In September 2015, Comey said Lynch called him into her office and asked him to minimize the Clinton email probe by calling it “a matter” instead of an “investigation,” which aligned with Clinton campaign talking points. Then, just days before FBI agents interviewed Clinton in July 2016, Lynch privately met with former President Bill Clinton on her government plane while it was parked on an airport tarmac in Phoenix. In a text message that has since been brought to light, the lead investigators on the case, Peter Strzok and Lisa Page, made clear at the time their understanding that Lynch knew that “no charges will be brought” against Clinton.
Meanwhile, Goodlatte revealed during Strzok’s closed session interview with the House Judiciary and Oversight committees last week that Strzok refused to answer multiple questions, including whether he communicated with the author of the Trump dossier or with Fusion GPS, the firm paid by Hillary Clinton’s campaign to produce the dossier.
“We went through a lot of questions about a lot of things for which we got answers, but we were also stymied time and time and time again because the FBI counsel instructed him not to answer because it was, as she called it, an ongoing investigation,” Goodlatte said. “Now we have an ongoing investigation here as well.”

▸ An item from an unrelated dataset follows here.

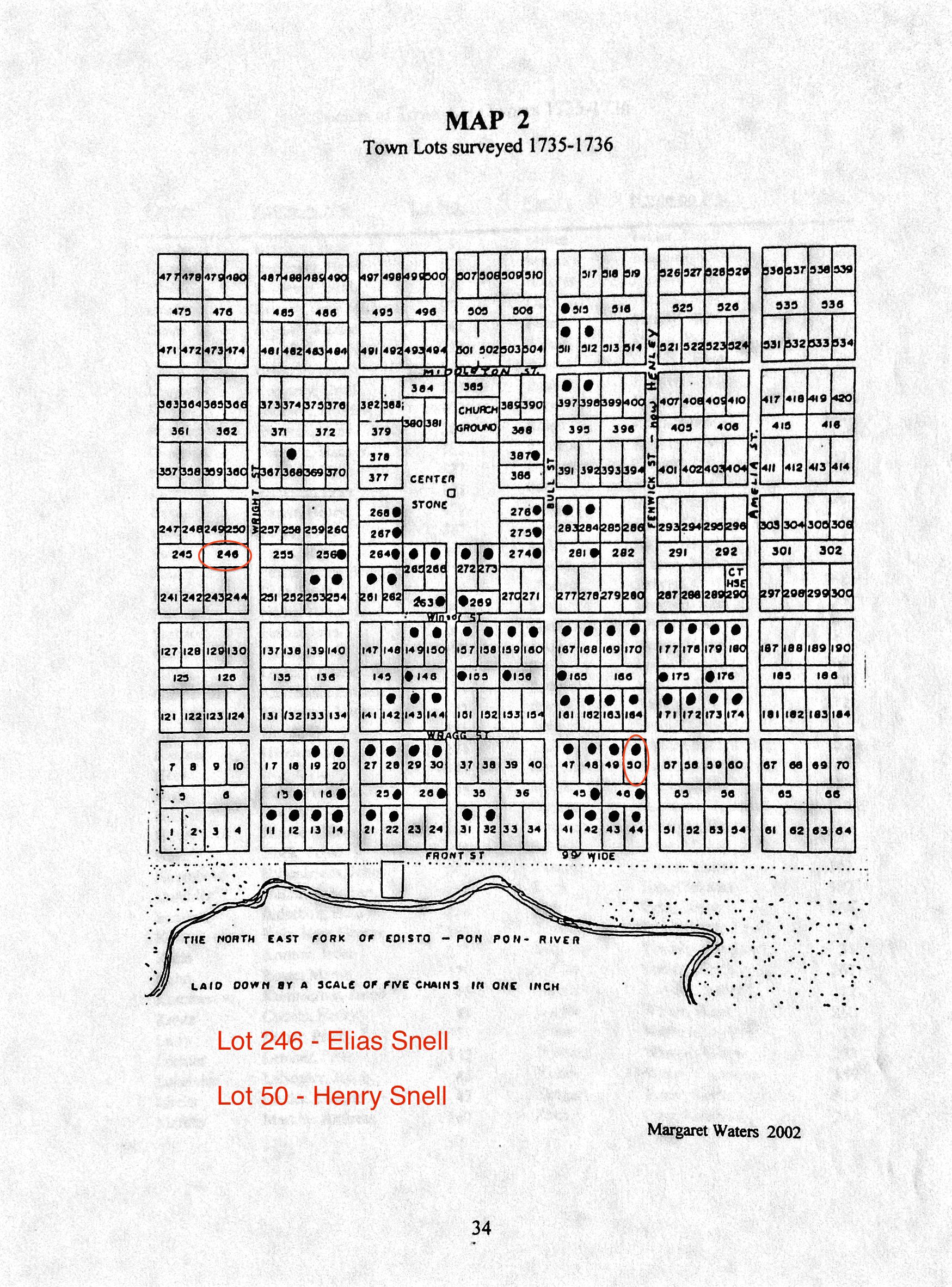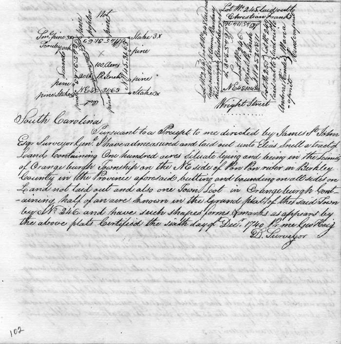 | Property | Elias and his father Henry had farm land close to each other NE of the town of Orangeburg SC. They also had town lots in the original Orangeburgh SC plats. 1740 Deed of Elias Snell Source: Microfilm of original deed located at SC Archives " . . . laid out unto Elias Snell a tract of land containing one hundred acres situate lying and being in the limits of Orangeburgh Township on the NE side of Pow Pow river in Berkley County in the province aforesaid butting and bounding on all sides on land not laid out and also one town lot in Orangeburgh containing half of an acre known in the grand plat of the said town by No. 246 and have such shape form and marks as appear by the above plats certified the sixth day of Dec 1740." (Town lot was located on Wright Street.) Submitted by: Darlene Athey Hill |

Strzok “was expected to answer questions regarding his involvement in both of these investigations. Not from this standpoint of the substance of the investigation but from the standpoint of what his role was in a contemporaneous time with some of the most unbelievably, outrageously biased, vulgar texts that he was exchanging at the same time that he was being introduced into this investigation,” Goodlatte said.
Goodlatte continued: “So questions regarding has he ever communicated with (Christopher) Steele, or Glenn Simpson, who is a journalist, or other matters like this to find out what his role was in the start of that investigation is critical to our investigation. And we need the answers to those questions. And we are now being blocked again from the FBI.”
Goodlatte said that some of Strzok’s testimony was “not believable” when it came to the “hateful nature” of his anti-Trump text messages.
“His explanations for … those questions about that hateful attitude are not believable,” Goodlatte told Fox News.